## Available records
|---|
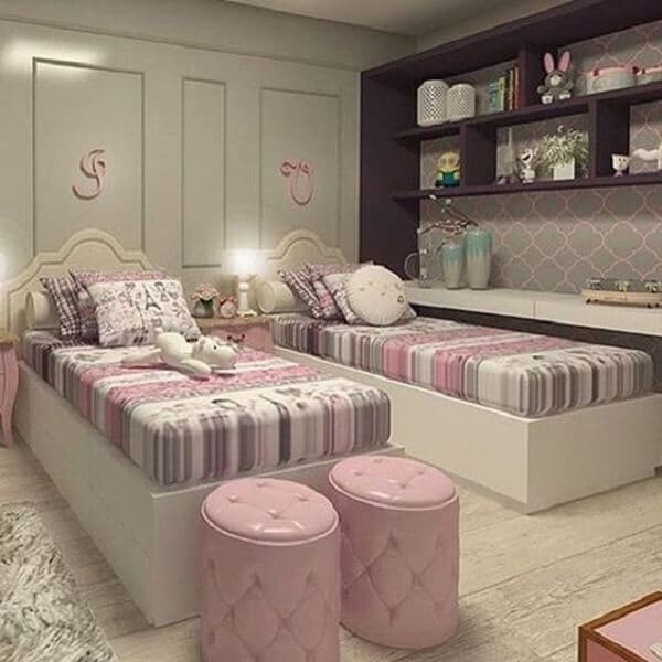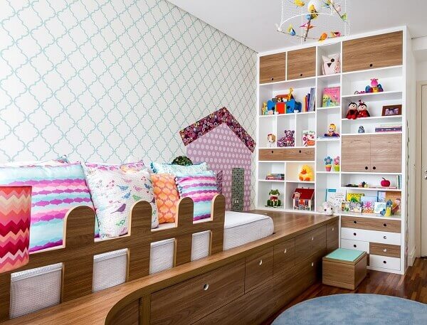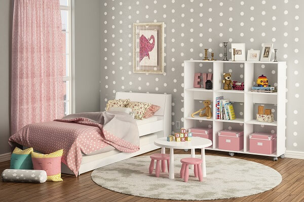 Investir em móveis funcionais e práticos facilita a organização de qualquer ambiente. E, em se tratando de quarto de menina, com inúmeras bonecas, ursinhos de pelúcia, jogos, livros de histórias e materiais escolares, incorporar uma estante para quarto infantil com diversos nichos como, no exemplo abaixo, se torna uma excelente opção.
|---|
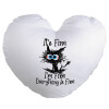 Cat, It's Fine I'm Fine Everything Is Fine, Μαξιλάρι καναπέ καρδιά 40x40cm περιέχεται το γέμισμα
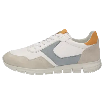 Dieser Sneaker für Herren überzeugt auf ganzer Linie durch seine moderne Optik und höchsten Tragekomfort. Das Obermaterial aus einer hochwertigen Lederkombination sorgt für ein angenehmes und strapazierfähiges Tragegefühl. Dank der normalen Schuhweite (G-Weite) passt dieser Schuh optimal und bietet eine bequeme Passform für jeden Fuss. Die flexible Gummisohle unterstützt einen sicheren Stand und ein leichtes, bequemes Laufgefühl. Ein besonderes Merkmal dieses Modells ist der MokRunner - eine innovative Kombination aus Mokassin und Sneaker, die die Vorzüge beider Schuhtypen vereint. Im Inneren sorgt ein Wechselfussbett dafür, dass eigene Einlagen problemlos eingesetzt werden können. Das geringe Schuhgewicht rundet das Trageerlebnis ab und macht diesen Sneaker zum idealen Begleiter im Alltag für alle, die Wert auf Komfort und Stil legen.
|---|
## Task to carry out
Print from the line containing "Cat, It's Fine" through the line containing "Dieser Sneaker für" in the data above, exactly as the lines stand, and omit every picture.

## Answer below
 Cat, It's Fine I'm Fine Everything Is Fine, Μαξιλάρι καναπέ καρδιά 40x40cm περιέχεται το γέμισμα
 Dieser Sneaker für Herren überzeugt auf ganzer Linie durch seine moderne Optik und höchsten Tragekomfort. Das Obermaterial aus einer hochwertigen Lederkombination sorgt für ein angenehmes und strapazierfähiges Tragegefühl. Dank der normalen Schuhweite (G-Weite) passt dieser Schuh optimal und bietet eine bequeme Passform für jeden Fuss. Die flexible Gummisohle unterstützt einen sicheren Stand und ein leichtes, bequemes Laufgefühl. Ein besonderes Merkmal dieses Modells ist der MokRunner - eine innovative Kombination aus Mokassin und Sneaker, die die Vorzüge beider Schuhtypen vereint. Im Inneren sorgt ein Wechselfussbett dafür, dass eigene Einlagen problemlos eingesetzt werden können. Das geringe Schuhgewicht rundet das Trageerlebnis ab und macht diesen Sneaker zum idealen Begleiter im Alltag für alle, die Wert auf Komfort und Stil legen.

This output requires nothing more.